The next bottom row of drawing UI controls what matching ALGORITHM to use (see below), and what INVARIANTS should be active. Not every algorithm supports every invariant: by switching algorithms, some checkboxes may be disabled or reset. Please see the paper for more details about invariants. Essentially, invariants are properties of your sketch or of the dataset that you consider irrelevant for calculating matches. X Position: If this is unchecked, a match must occur exactly where you have drawn the sketch. e.g., if you drew your sketch in the far left of the canvas, then matches must occur very early, temporally. If it is checked, then the prototype will perform partial matching, shifting the query along the temporal axis until it finds the best match. The results pane will then present a colored region showing exactly where it found this match. These are colored by their absolute closeness; i.e., a series in the results panel is only bright green if it is very close to your query by some objective measure (for instance very close to 0 MSE), rather than just being relatively close with respect to all the matches in the dataset. Y Position: If this is checked, then the prototype will, in effect shift your query up and down on the y axis until it finds the best match. Currently, only Hough voting allows this option. Noise: If this is checked, the prototype will smooth all of the time series in the dataset before calculating matches: a good way of eliminating outliers or spikes. Amplitude: If this is checked, then any scalar multiple of your query will count as a match, with a slight weighting towards matches with the same amplitude as your query. Only Hough voting currently supports this invariant. Warp: If this is checked, this allows your query to be non-linearly squeezed and stretched in the temporal dimension. These squeezing comes at a cost, so the best matches are the ones with the “cheapest” warps. Currently only DTW supports this invariant.

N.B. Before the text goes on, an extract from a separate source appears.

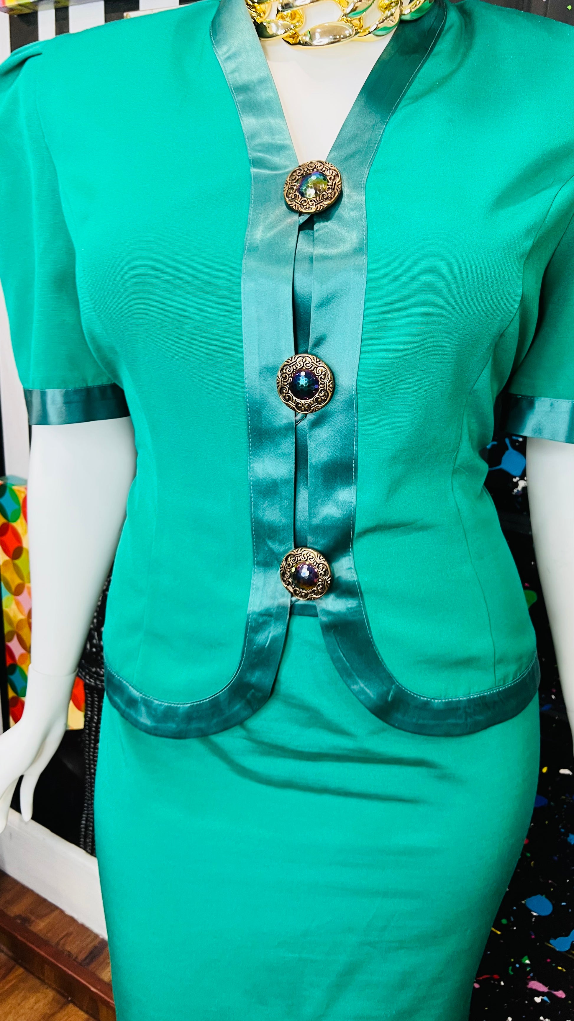 Vintage Green Jewel Button Skirt Set (22 1/2)

Mean Squared Error (MSE) is a naive way of calculating absolute value differences between a query and a target. It adds up the differences in value from the target at each point. Series that are numerically very similar will match if you use MSE. It is also the fastest of the available matching algorithms, although may still be slow if you are conducting partial matching (you have checked the X Position invariant), as it must determine the cheapest x position by naively shifting your sketch around. The shorter the sketch, the more places it has to try.

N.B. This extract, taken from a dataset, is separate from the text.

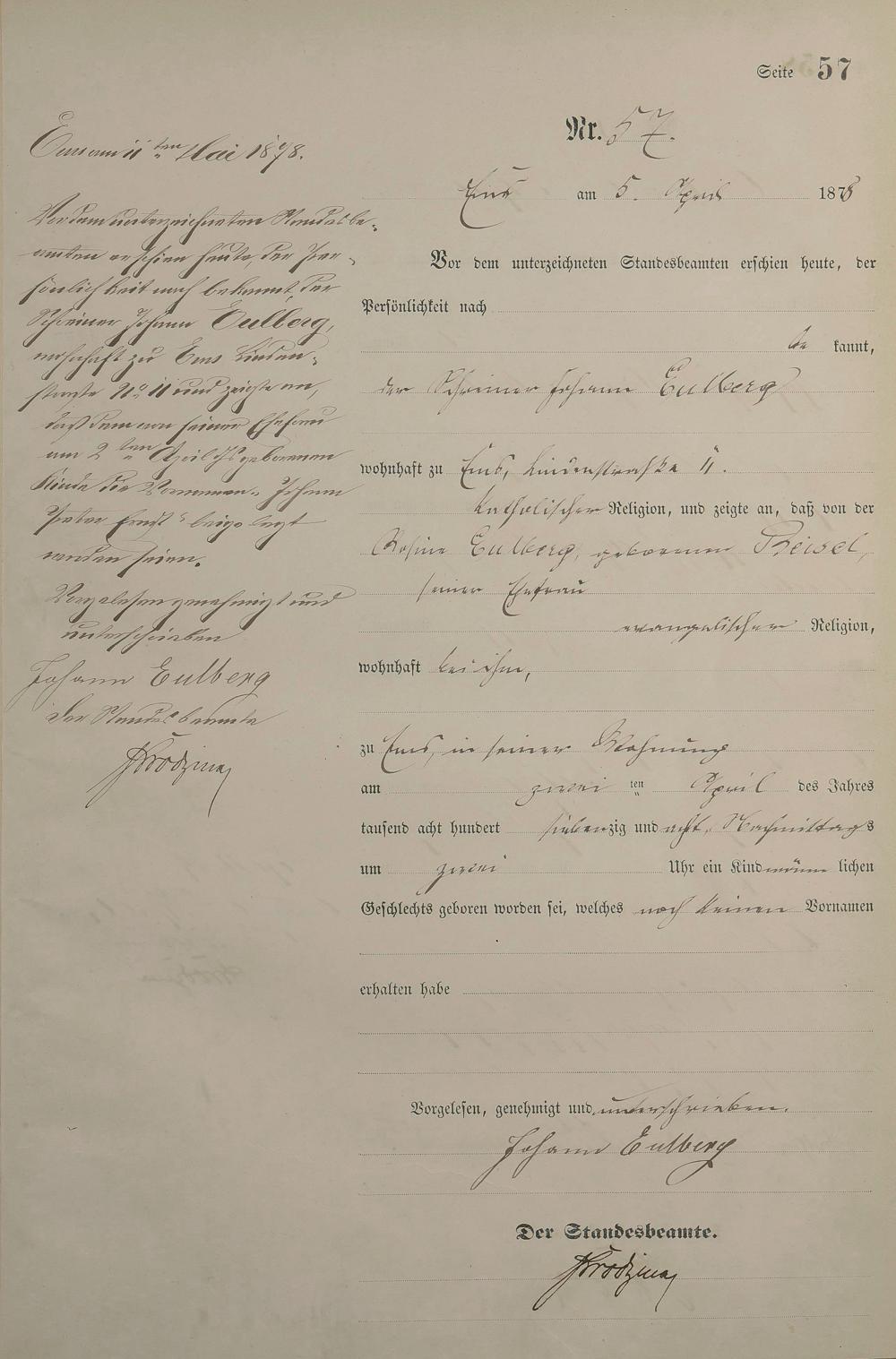Geburtsregister 1878

The Hough Transform (Hough) is an algorithm from computer vision for locating shapes and patterns. Essentially, each point on the sketch will “vote” on where it believes the center of the best match to be, given its current location when aligned to a particular time series. The place with the most votes is the best match. This means that outliers or sharp features in the sketch may be “drowned out” by the votes of other portions of the sketch. The longer the sketch, the more voting has to be done.
Dynamic Time Warping (DTW) finds the cheapest non-linear time warp from your sketch to a particular time series. This is very useful if there are characteristic patterns you are looking for, but these patterns may be arbitrarily separated or compressed in time. An example is a crash in stock price: a stock might crash over a matter of hours, or over a matter of days. By drawing a linear decrease, and selecting DTW, all of these crashes could be located. The longer the sketch, the more complicated the warp that must be calculated.
We have included a number of default datasets on github pages. Somes ones to try:
- Google n grams (default): The top 1000 most popular words in the google books corpus, with frequency information from 1800 onward.
- Stocks: Sample stock information for a period of one year, August 2009-2010.
- U.S. Government Agencies: The yearly budget of every agency of the U.S. government, 1976-2020(projected).